Attorney General Dappula de Livera has got tough with the police. He summoned the CID Director and DIG in charge of the CID and censured them, on Monday. His consternation is understandable. The CID released former Minister Rishad Bathiudeen’s brother, Riyaj, arrested and detained for his alleged links to the Easter Sunday bombers. It has to consult the AG before releasing terror suspects, but it did not care to do so in this instance. One can only hope that the AG will not buckle under political pressure. He, however, is lucky that he cannot be transferred to Kankesanthurai.

The AG is right in having taken the CID officers to task and calling for an explanation, but it is doubtful whether he will be able to get at the truth, which will prove extremely embarrassing to the government grandees wooing Opposition MPs of easy virtue to ensure that they will have a two-thirds majority to steamroller their 20th Amendment through Parliament. The police are sure to stonewall the AG’s questions, unable to reveal who ordered them to do what they did.

The police would not have released the brother of an Opposition politician, without the AG’s permission unless they had been ordered to do so by someone above the AG. The CID bigwigs find themselves in the same predicament as their State Intelligence Service counterparts who have had to defend their former political masters whose lapses enabled the NTJ terrorists to carry out the Easter Sunday attacks with ease.

AG de Livera, who grilled a bunch of racketeers before the Presidential Commission of Inquiry which probed the bond scams, and elicited as much information as possible, may recall the plight of former Central Bank Governor Arjuna Mahendran.
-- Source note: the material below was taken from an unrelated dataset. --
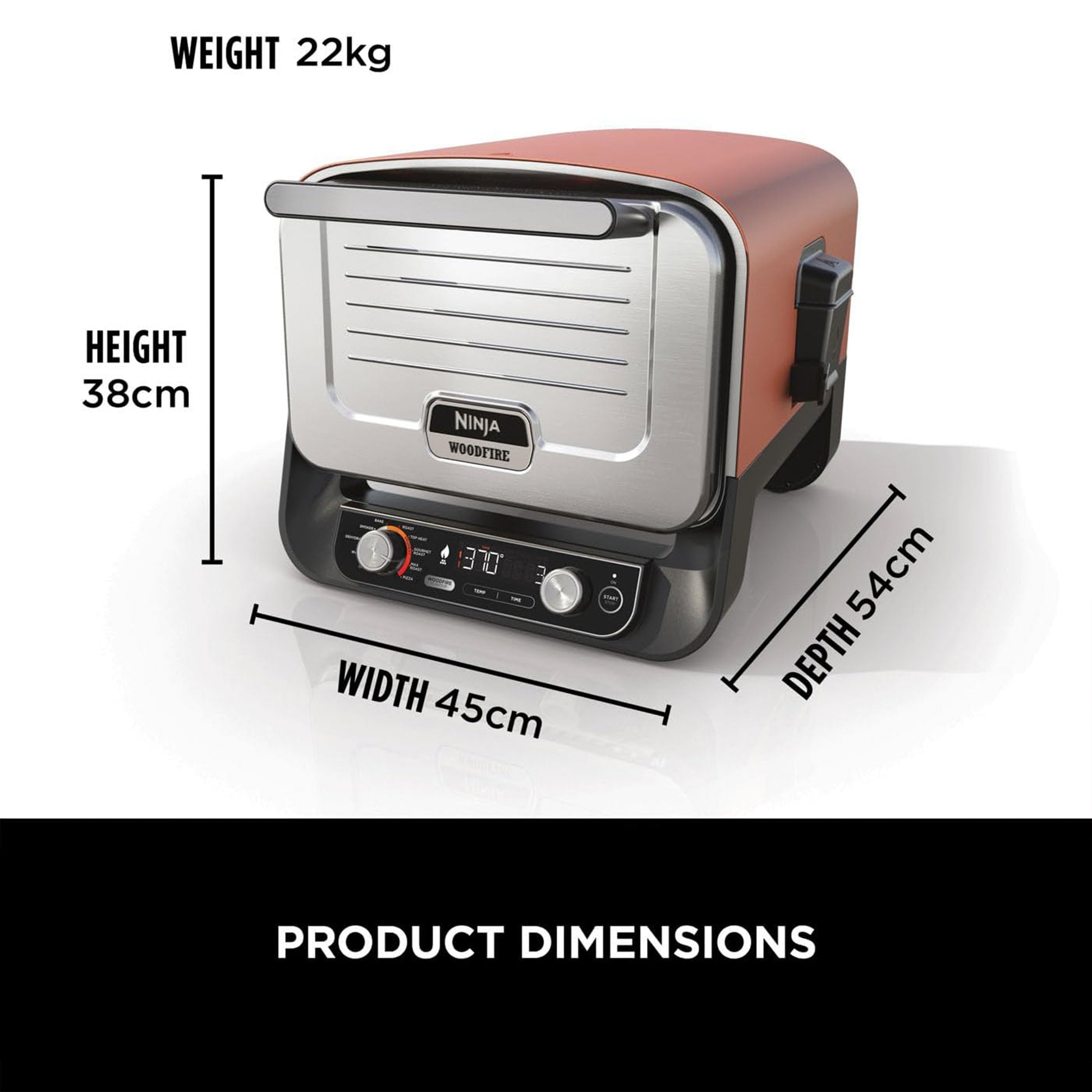 - INCLUDES: Ninja Woodfire Outdoor Oven, Pizza Stone, Accessory Frame, Pro-Heat Tray, Roast Rack, Smoker Box, Pellet Scoop, 2x Pellets Starter Packs. 2400W. Weight: 14.6kg. Colour: Burnt Orange

Everybody knew Mahendran had followed orders from on high in carrying out the bond scams, but he could not reveal who had asked him to do so. He chose to prevaricate, take the blame and flee the country. Those who released Bathiudeen’s brother, however, are not so unlucky; their political bosses are ensconced in power. If they take the blame for setting Riyaj free, they will be rewarded. One may recall that, in 2011, following a brutal police crackdown, which left a Free Trade Zone worker dead, the then IGP Mahinda Balasuriya opted for premature retirement, taking full responsibility for the incident and, thereby, helping deflect the blame from his political bosses; he was appointed Sri Lanka’s Ambassador to Brazil. Former IGP Pujith Jayasundera has said that after the Easter Sunday carnage, the then President Maithripala Sirisena wanted him to be the fall guy in return for a diplomatic post among other things, but he turned down the offer.

Government MPs have received praise for being critical of the release of Bathiudeen’s brother and writing a letter to President Gotabaya Rajapaksa, calling for a probe. In defending their government, the SLPP MPs have adopted the same ruse as pickpockets in trouble. When the members of the nimble-fingered fraternity happen to make a botch of things, run the gauntlet and face the prospect of being hauled up by the police, their confederates come, beat them harder than others do and take them away, vowing to hand them over to the police. The government MPs are trying to hijack the protests against the release of Bathiudeen’s brother and direct public anger at the police. (No sooner had the SLPP MPs, numbering 100, sent their letter to the President and the Prime Minister than it was released to the media!) They have had Police Spokesman SSP Jaliya Senaratne stripped of the post of Police Spokesman and transferred to Kankesanthurai. Whether they will be able to pull the wool over the eyes of the public with such ruses remains to be seen.